Trump becomes a sympathy figure in five lethal seconds
Saturday’s assassination attempt makes its target harder for Biden to beat.

Seconds after surviving an assassination attempt on Saturday evening, a bloodied Donald Trump told the Secret Service agents swarming round him to wait. According to one reporter within earshot he said “wait” four times.

So what? The agents obliged. Trump raised his fist and mouthed the words “fight, fight, fight”. In that moment he created an image that will define his third run for the White House, and could help define Biden’s fifth:

  • Trump has emerged from the shooting at a Pennsylvania rally in a position of maximum strength.
  • Joe Biden is probably now less likely to stand down as the Democratic candidate.
  • That doesn’t change an election narrative that has become, on one level, a simple matter of perception: Trump strong, Biden weak.

Trump cuts a heroic figure, blood streaking his face, but still standing.
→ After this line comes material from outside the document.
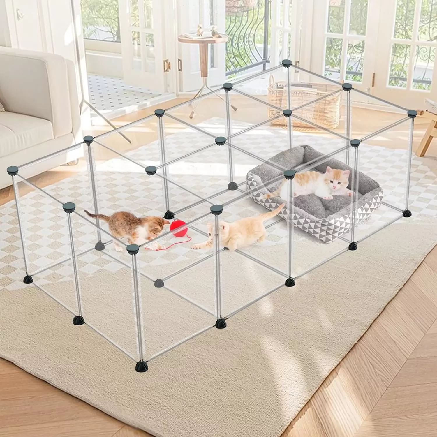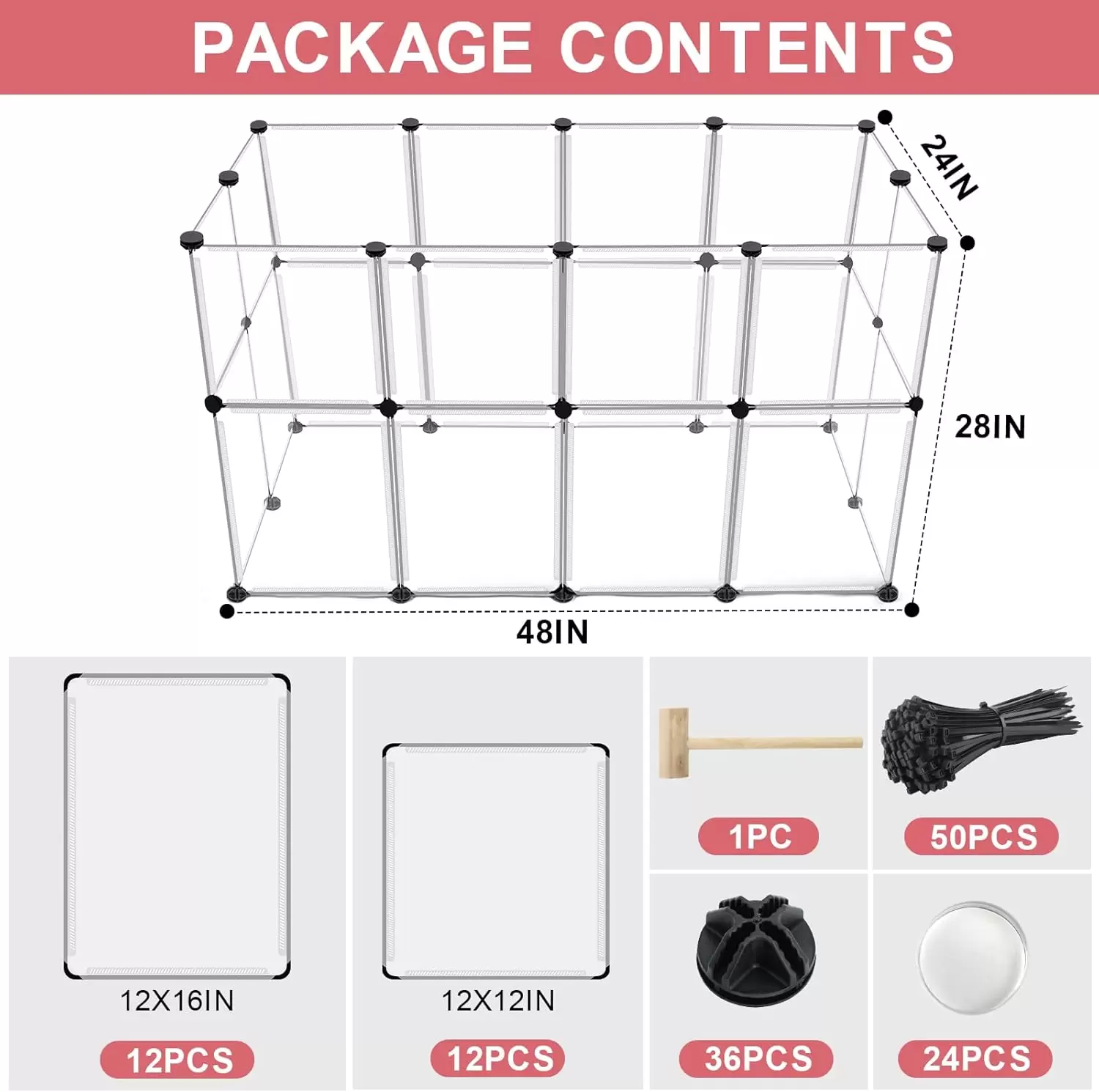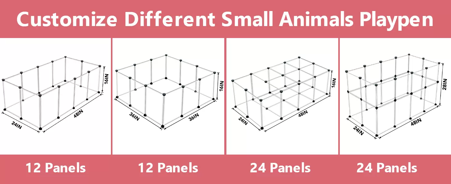 Paquete de corralito para mascotas: cada juego incluye 24 paneles transparentes, 50 bridas de nailon, 36 conectores, 24 tapetes antideslizantes, 1 martillo de madera, 1 manual de usuario (idioma español no garantizado). Este pequeño corralito para animales ofrece un área espaciosa y segura para que tus amigos peludos jueguen y hagan ejercicio. El tamaño montado puede ser de 121.9 x 60.9 x 71 cm.

It is an image of invincibility which, The New Yorker suggests, has echoes of the marines at Iwo Jima and Rocky Balboa dragging himself off the canvas to win the title.

Biden has spent two weeks looking fragile in the face of a growing chorus from his own supporters, convinced he is too old to run again.

Balm. Democrats from Biden to ex-President Obama said there was no place in America for political violence and all should condemn it.

Blame. Republicans were quick to apportion blame. JD Vance, the author-turned-populist senator who could become Trump’s running mate, said the Biden campaign’s central premise – that Trump was a fascist to be stopped at all costs – “led directly” to the attempted assassination.

Vance is right that Biden’s campaign has pitched the fight against Trump as a battle for the soul of America.

But it was Trump who took the political fight to the streets with his “Fight like hell” rallying cry to the January 6 insurrectionists after he lost at the ballot box and in the courts.

Next stop, Wisconsin. Trump will be centre stage at the Republican convention in Milwaukee this week. It’s not hard to anticipate his message: they tried to stop me in the courts, they tried to shoot me dead – and I’m still standing.

Pass the torch vs don’t you quit. Biden meanwhile faces calls to step down from 20 Democrats on Capitol Hill, a clutch of donors and celebrity backers including George Clooney. Yet he continues to insist he’s going nowhere, and the signs are that won’t change.

  • The assassination attempt gives him a chance to say he can’t step down when political violence is in the air.
  • Calls to replace him with Kamala Harris were already half-hearted and sound weaker now; it’s almost impossible to argue the Democrats would look stronger rushing forward with an untested candidate.

Fortunes reversed. Expect Trump to claim the moral high ground; a selfless hero putting everything on the line for America. Expect Democrats to be wary of provoking his supporters. They’ve already pulled attack ads and Biden has referred several times to his rival as Donald. It sounded odd, because it is – and it has the effect of humanising Trump. Biden has called him a rapist, a loser, a fraud, a threat to democracy. But Trump is a sympathy figure now.

What’s more… The conservative pollster Frank Luntz says the shooting could boost Republican turnout by a crucial percentage point – or two. He just became much more difficult to beat.